What you have to do:
All the entries need to be quoted exactly, apart from the pictures, which you should drop.

Recorded information:
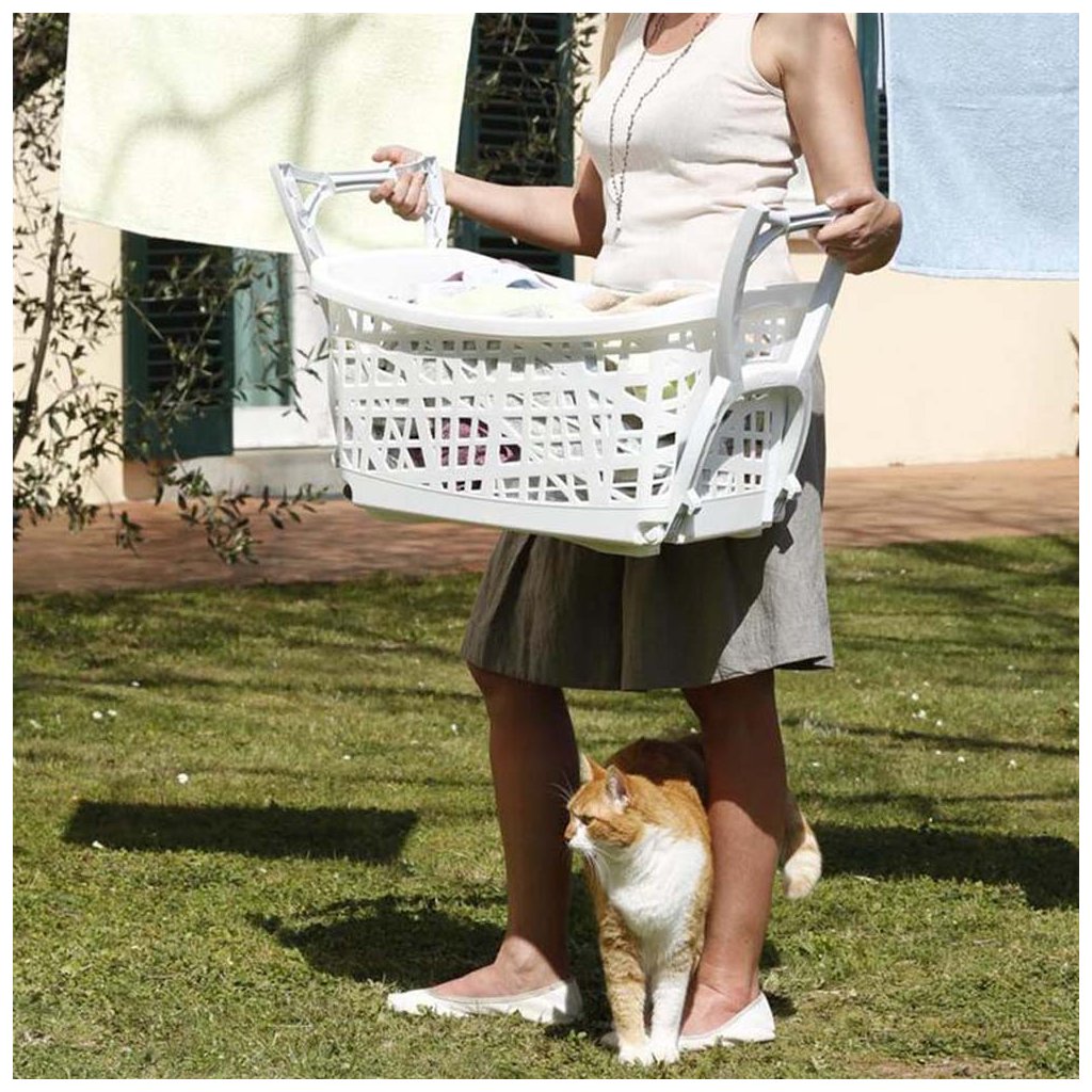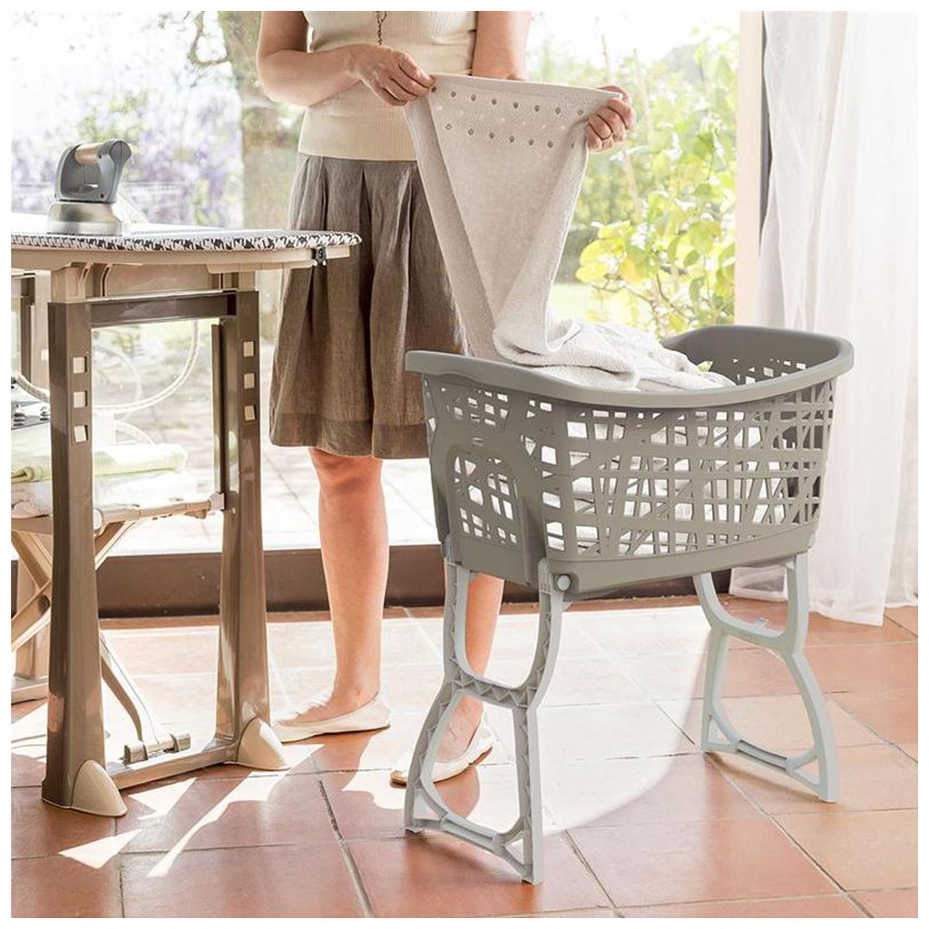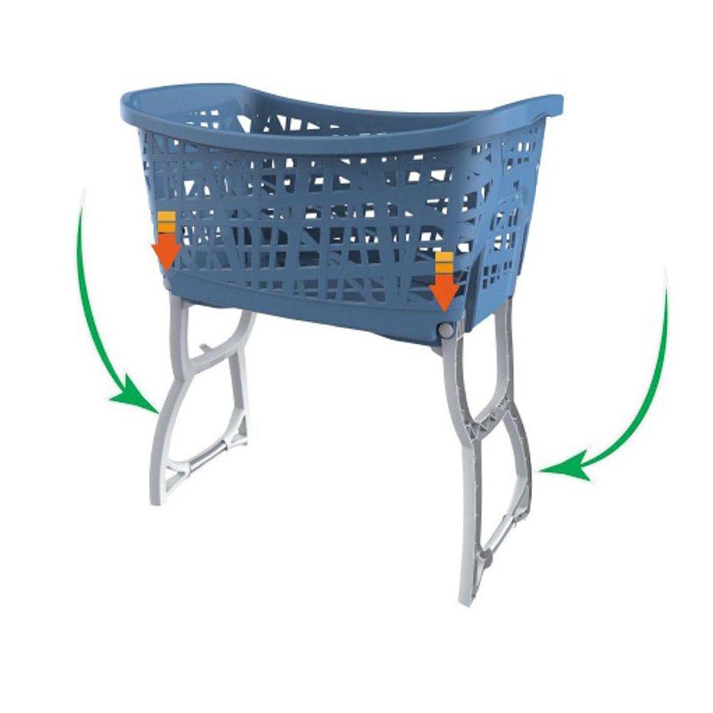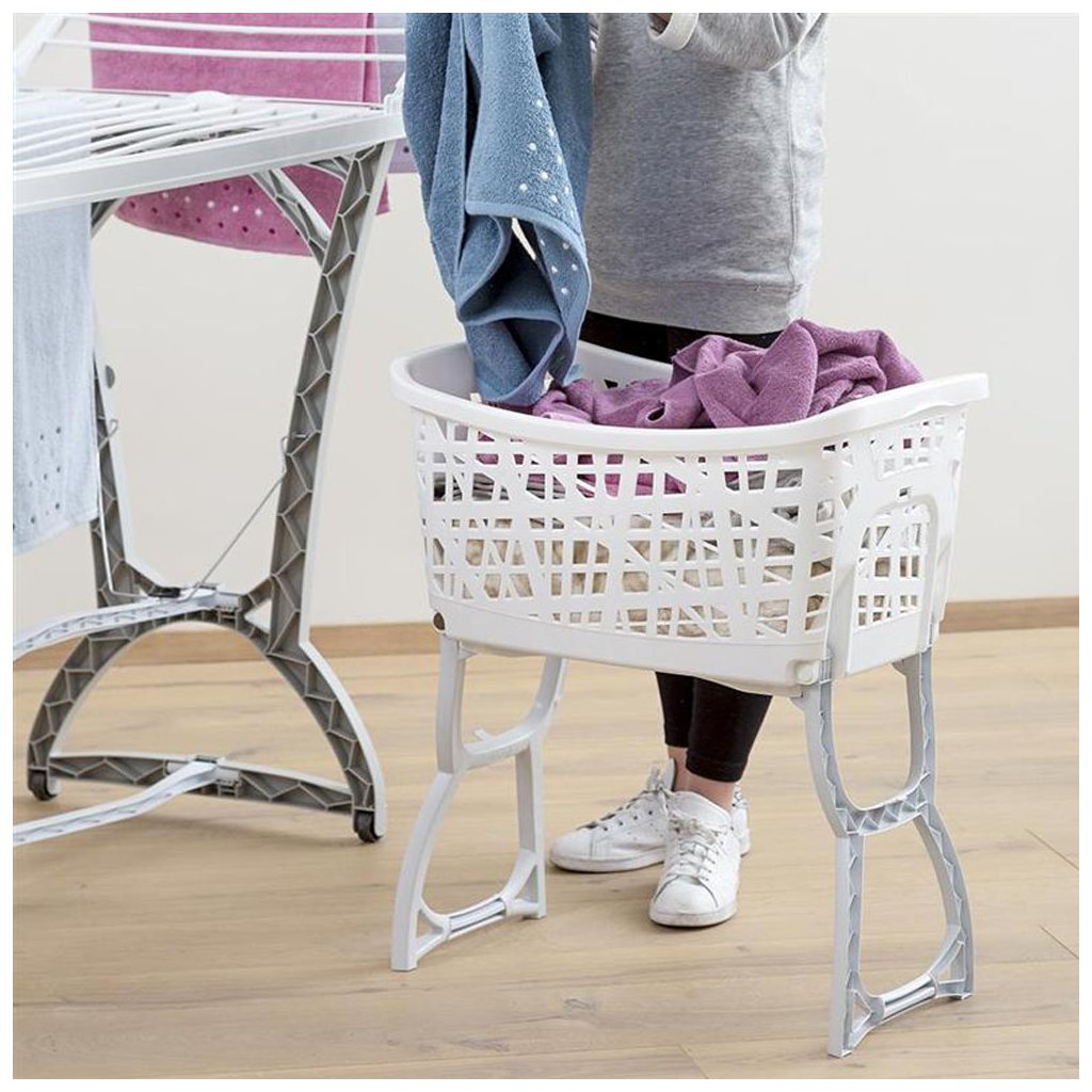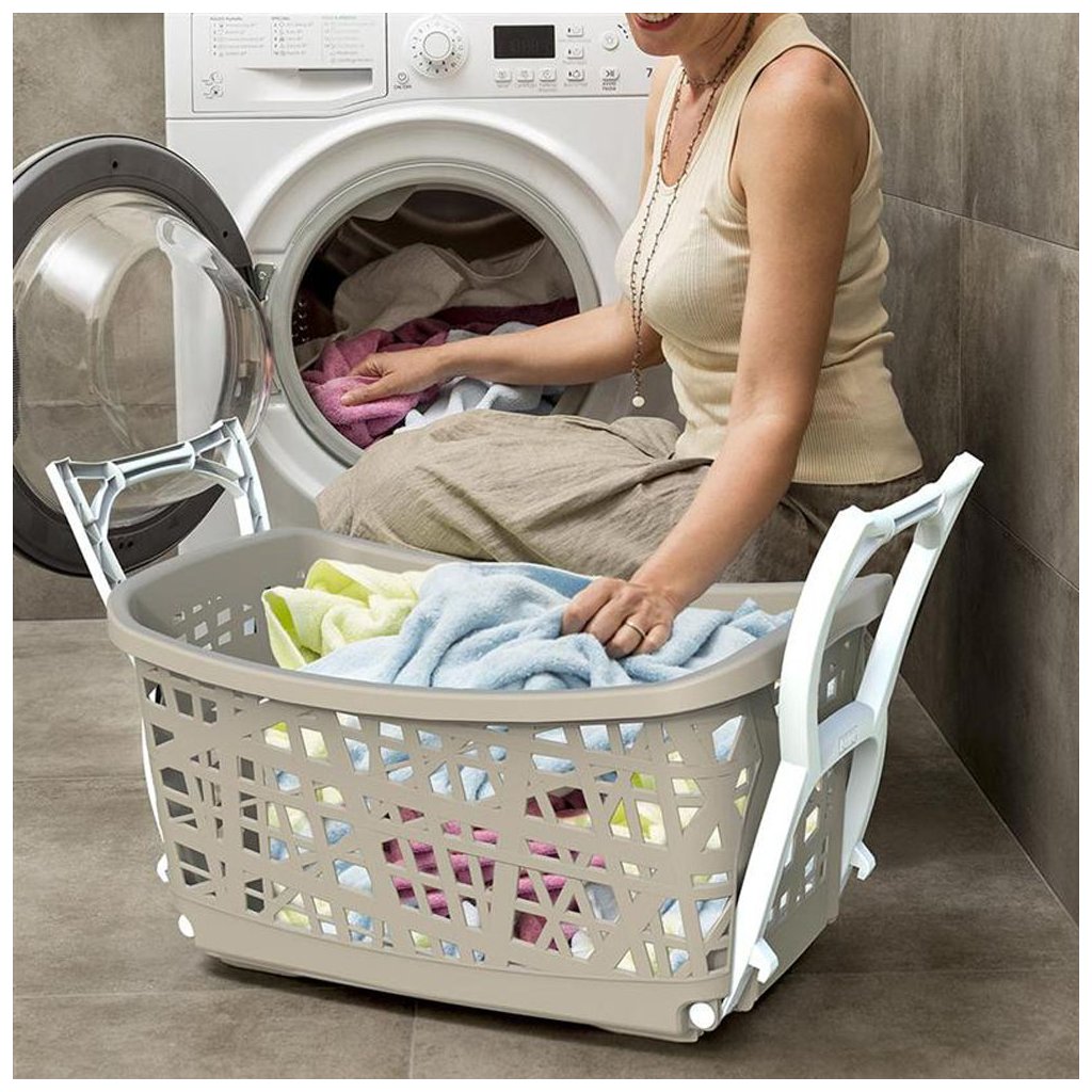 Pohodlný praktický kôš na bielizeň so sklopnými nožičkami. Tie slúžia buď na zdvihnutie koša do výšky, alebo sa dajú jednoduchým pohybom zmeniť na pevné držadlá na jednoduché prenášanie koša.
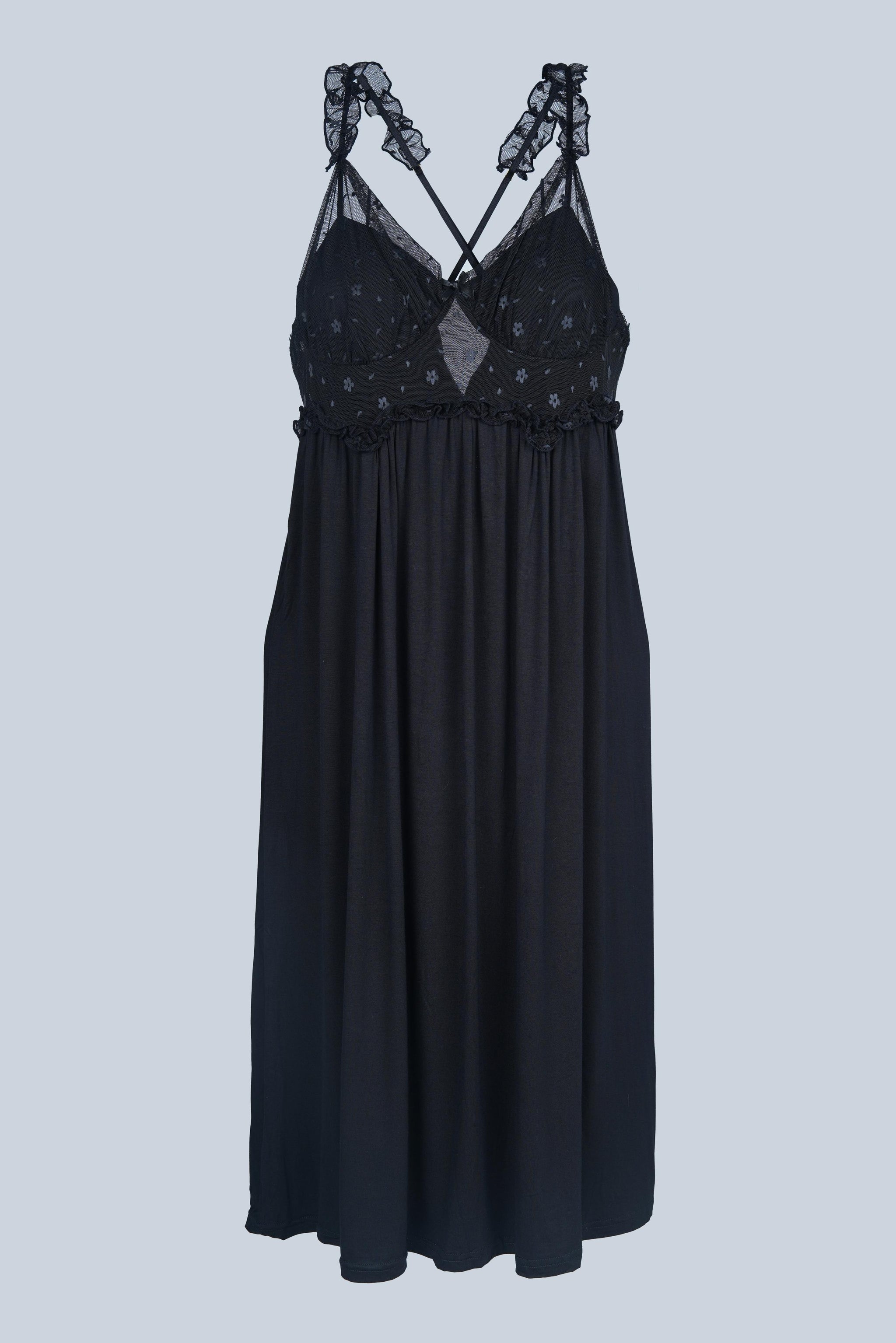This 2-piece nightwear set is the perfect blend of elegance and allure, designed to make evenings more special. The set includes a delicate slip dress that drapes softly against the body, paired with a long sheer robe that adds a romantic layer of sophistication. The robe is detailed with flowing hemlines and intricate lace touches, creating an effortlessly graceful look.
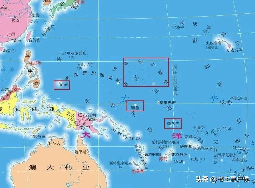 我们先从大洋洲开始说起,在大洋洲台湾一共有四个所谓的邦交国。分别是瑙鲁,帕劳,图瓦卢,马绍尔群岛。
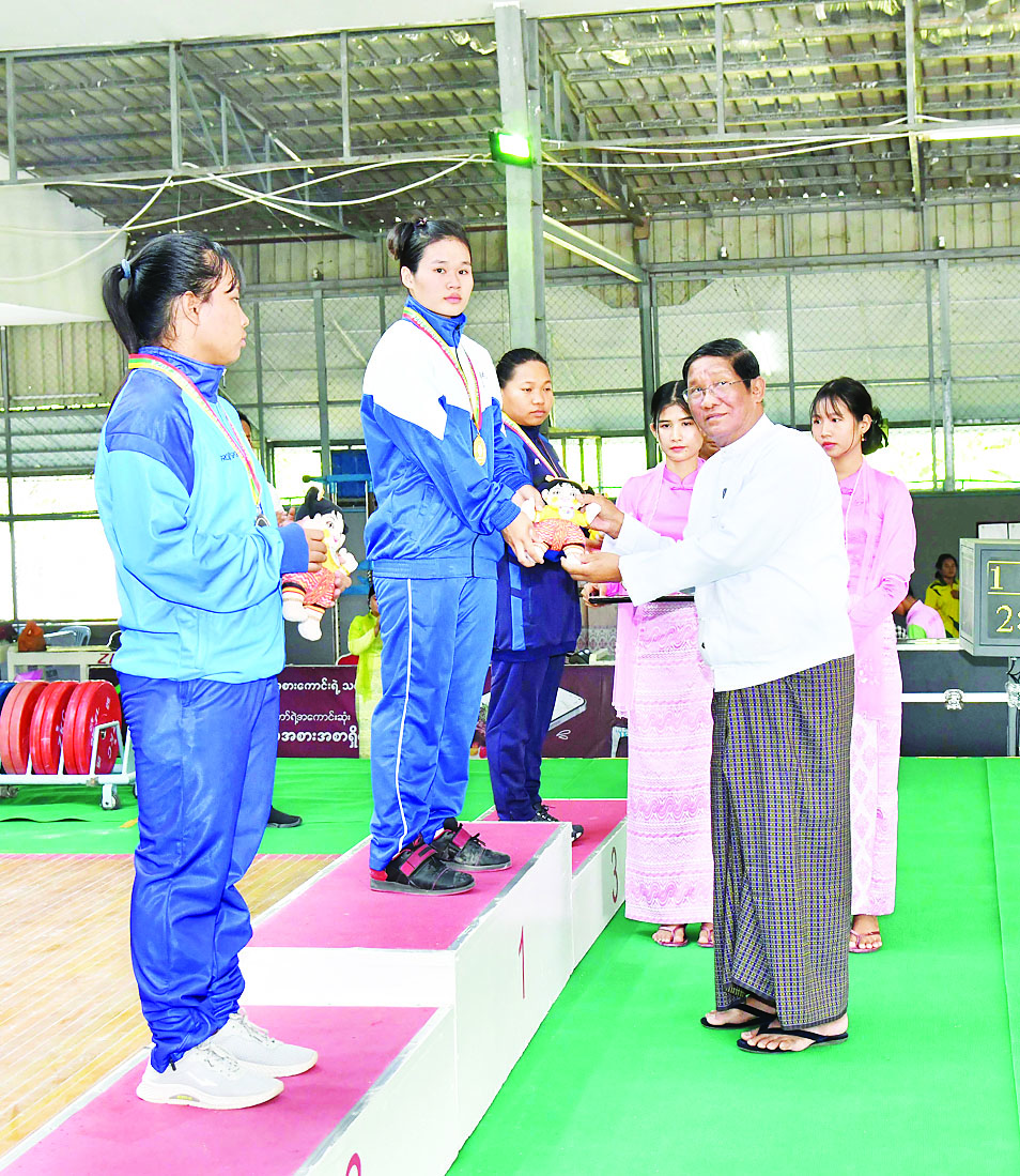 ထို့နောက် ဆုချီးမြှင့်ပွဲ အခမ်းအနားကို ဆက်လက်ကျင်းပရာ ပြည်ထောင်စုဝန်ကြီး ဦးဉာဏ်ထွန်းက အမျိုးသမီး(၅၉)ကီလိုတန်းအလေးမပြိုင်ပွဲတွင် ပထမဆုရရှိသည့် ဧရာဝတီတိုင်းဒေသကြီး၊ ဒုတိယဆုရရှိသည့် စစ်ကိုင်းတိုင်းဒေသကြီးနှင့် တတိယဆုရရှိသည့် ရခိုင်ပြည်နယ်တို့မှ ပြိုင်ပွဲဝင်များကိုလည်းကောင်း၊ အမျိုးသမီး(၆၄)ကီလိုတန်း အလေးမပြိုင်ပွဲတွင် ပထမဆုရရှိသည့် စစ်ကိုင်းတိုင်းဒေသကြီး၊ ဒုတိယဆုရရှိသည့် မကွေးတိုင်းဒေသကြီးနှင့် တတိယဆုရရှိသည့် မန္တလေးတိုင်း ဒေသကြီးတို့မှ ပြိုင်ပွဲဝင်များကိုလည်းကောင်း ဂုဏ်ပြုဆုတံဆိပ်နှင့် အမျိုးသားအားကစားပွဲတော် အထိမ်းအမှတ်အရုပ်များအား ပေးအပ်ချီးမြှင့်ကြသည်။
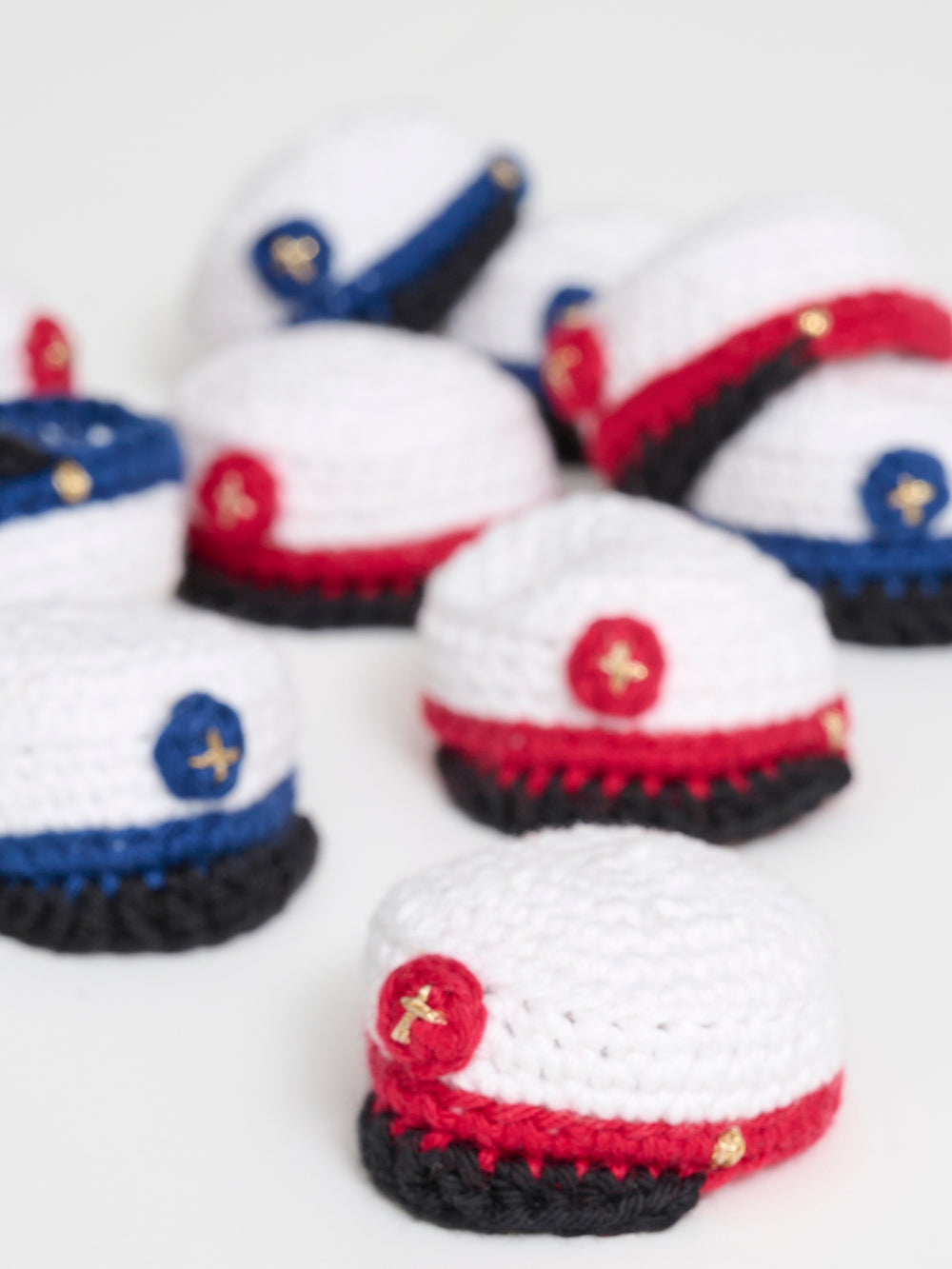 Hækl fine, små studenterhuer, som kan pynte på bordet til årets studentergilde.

Solution for this exercise:
 Pohodlný praktický kôš na bielizeň so sklopnými nožičkami. Tie slúžia buď na zdvihnutie koša do výšky, alebo sa dajú jednoduchým pohybom zmeniť na pevné držadlá na jednoduché prenášanie koša.
This 2-piece nightwear set is the perfect blend of elegance and allure, designed to make evenings more special. The set includes a delicate slip dress that drapes softly against the body, paired with a long sheer robe that adds a romantic layer of sophistication. The robe is detailed with flowing hemlines and intricate lace touches, creating an effortlessly graceful look.
 我们先从大洋洲开始说起,在大洋洲台湾一共有四个所谓的邦交国。分别是瑙鲁,帕劳,图瓦卢,马绍尔群岛。
 ထို့နောက် ဆုချီးမြှင့်ပွဲ အခမ်းအနားကို ဆက်လက်ကျင်းပရာ ပြည်ထောင်စုဝန်ကြီး ဦးဉာဏ်ထွန်းက အမျိုးသမီး(၅၉)ကီလိုတန်းအလေးမပြိုင်ပွဲတွင် ပထမဆုရရှိသည့် ဧရာဝတီတိုင်းဒေသကြီး၊ ဒုတိယဆုရရှိသည့် စစ်ကိုင်းတိုင်းဒေသကြီးနှင့် တတိယဆုရရှိသည့် ရခိုင်ပြည်နယ်တို့မှ ပြိုင်ပွဲဝင်များကိုလည်းကောင်း၊ အမျိုးသမီး(၆၄)ကီလိုတန်း အလေးမပြိုင်ပွဲတွင် ပထမဆုရရှိသည့် စစ်ကိုင်းတိုင်းဒေသကြီး၊ ဒုတိယဆုရရှိသည့် မကွေးတိုင်းဒေသကြီးနှင့် တတိယဆုရရှိသည့် မန္တလေးတိုင်း ဒေသကြီးတို့မှ ပြိုင်ပွဲဝင်များကိုလည်းကောင်း ဂုဏ်ပြုဆုတံဆိပ်နှင့် အမျိုးသားအားကစားပွဲတော် အထိမ်းအမှတ်အရုပ်များအား ပေးအပ်ချီးမြှင့်ကြသည်။
 Hækl fine, små studenterhuer, som kan pynte på bordet til årets studentergilde.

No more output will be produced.